* TASK ITEM
Please transcribe the listing below in full, exactly as written, leaving out its pictures.

* DATA EXCERPT
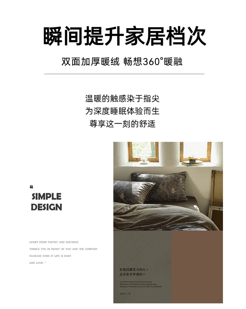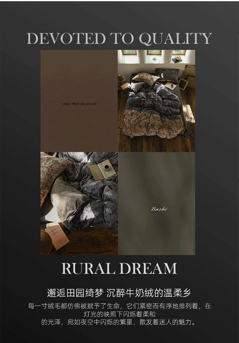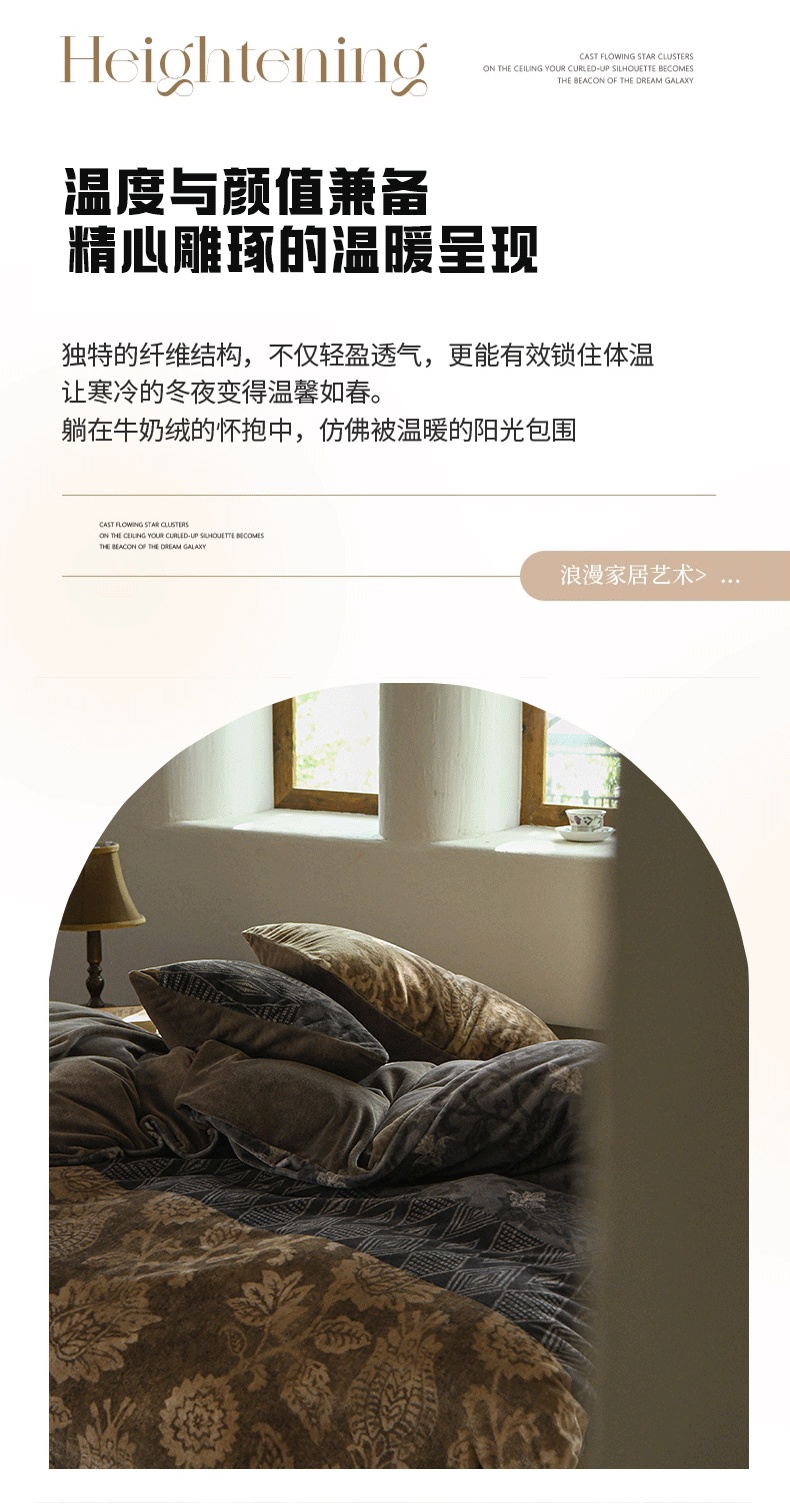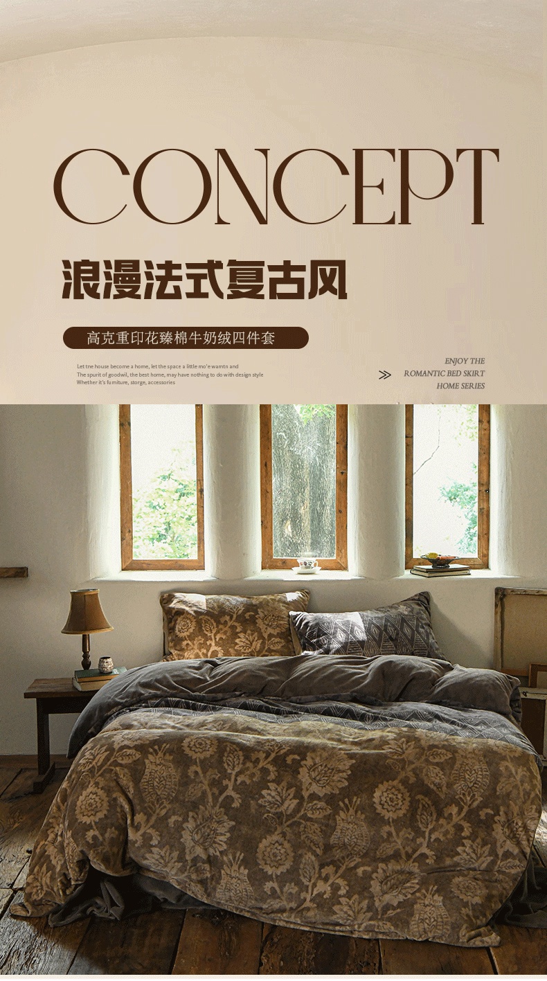 当前位置: 91家纺网 > 商品网购 > 床品套件 > 四件套 > 牛奶绒四件套 > 花漾家居 2025秋冬新品法式复古简约诧寂风牛奶绒四件套 雅致生活咖
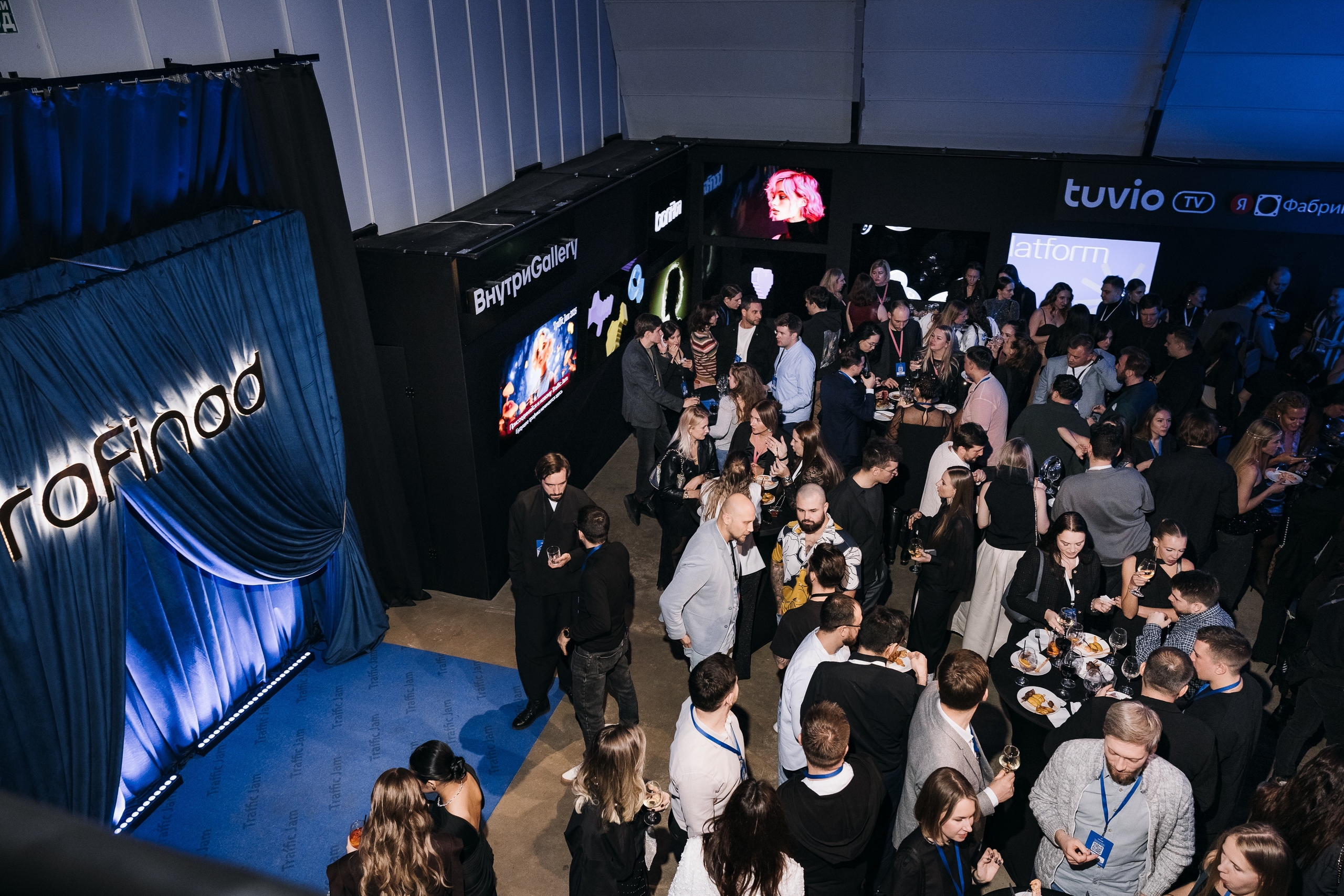 В зоне фуршета и нетворкинга были размещены цифровые экраны с визуальными сценариями, раскрывающими возможности платформы. Это обеспечило непрерывную коммуникацию с аудиторией и усилило эффект погружения.
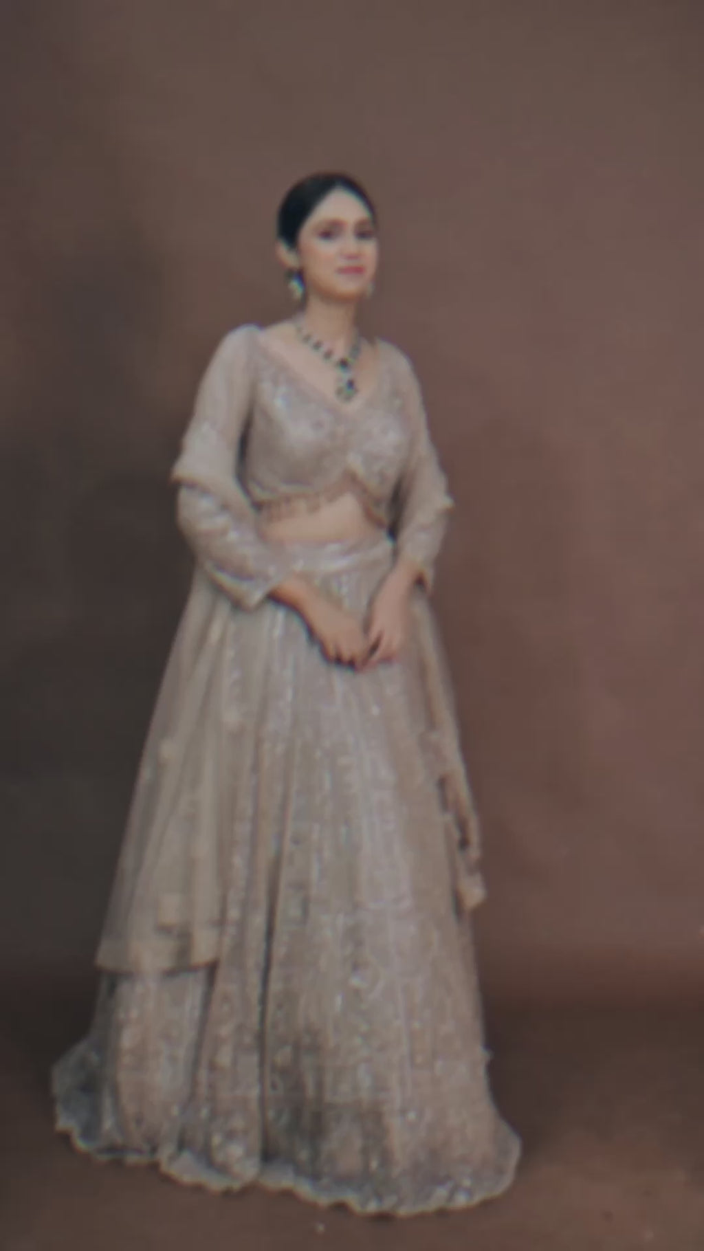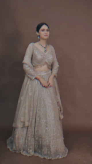 An ode to heritage, the understated Golden Brown skin tone / beige lehenga in soft net showcases Hand Pearl with Cutdana and sequins. A refined pick for receptions, sangeet and evening celebrations.
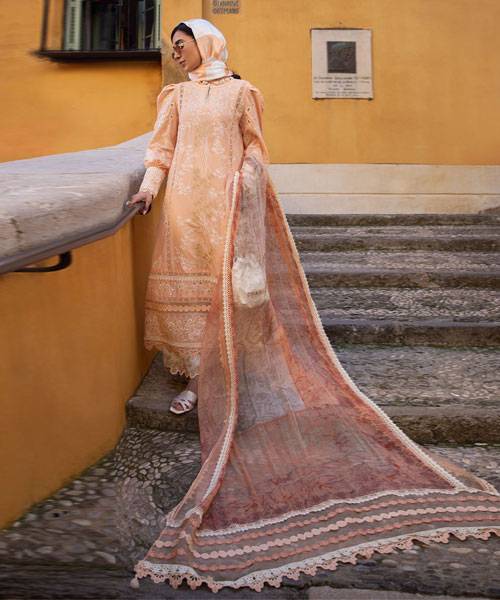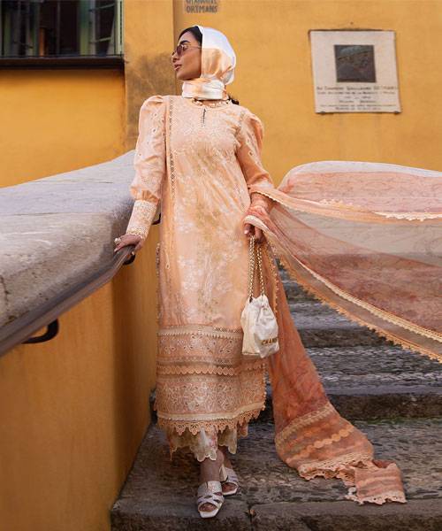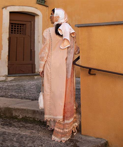 Ansab Jahangir Zoha Luxury Lawn Collection ’25 – ALLURING APRICOT

* WRITTEN RESPONSE
 当前位置: 91家纺网 > 商品网购 > 床品套件 > 四件套 > 牛奶绒四件套 > 花漾家居 2025秋冬新品法式复古简约诧寂风牛奶绒四件套 雅致生活咖
 В зоне фуршета и нетворкинга были размещены цифровые экраны с визуальными сценариями, раскрывающими возможности платформы. Это обеспечило непрерывную коммуникацию с аудиторией и усилило эффект погружения.
 An ode to heritage, the understated Golden Brown skin tone / beige lehenga in soft net showcases Hand Pearl with Cutdana and sequins. A refined pick for receptions, sangeet and evening celebrations.
 Ansab Jahangir Zoha Luxury Lawn Collection ’25 – ALLURING APRICOT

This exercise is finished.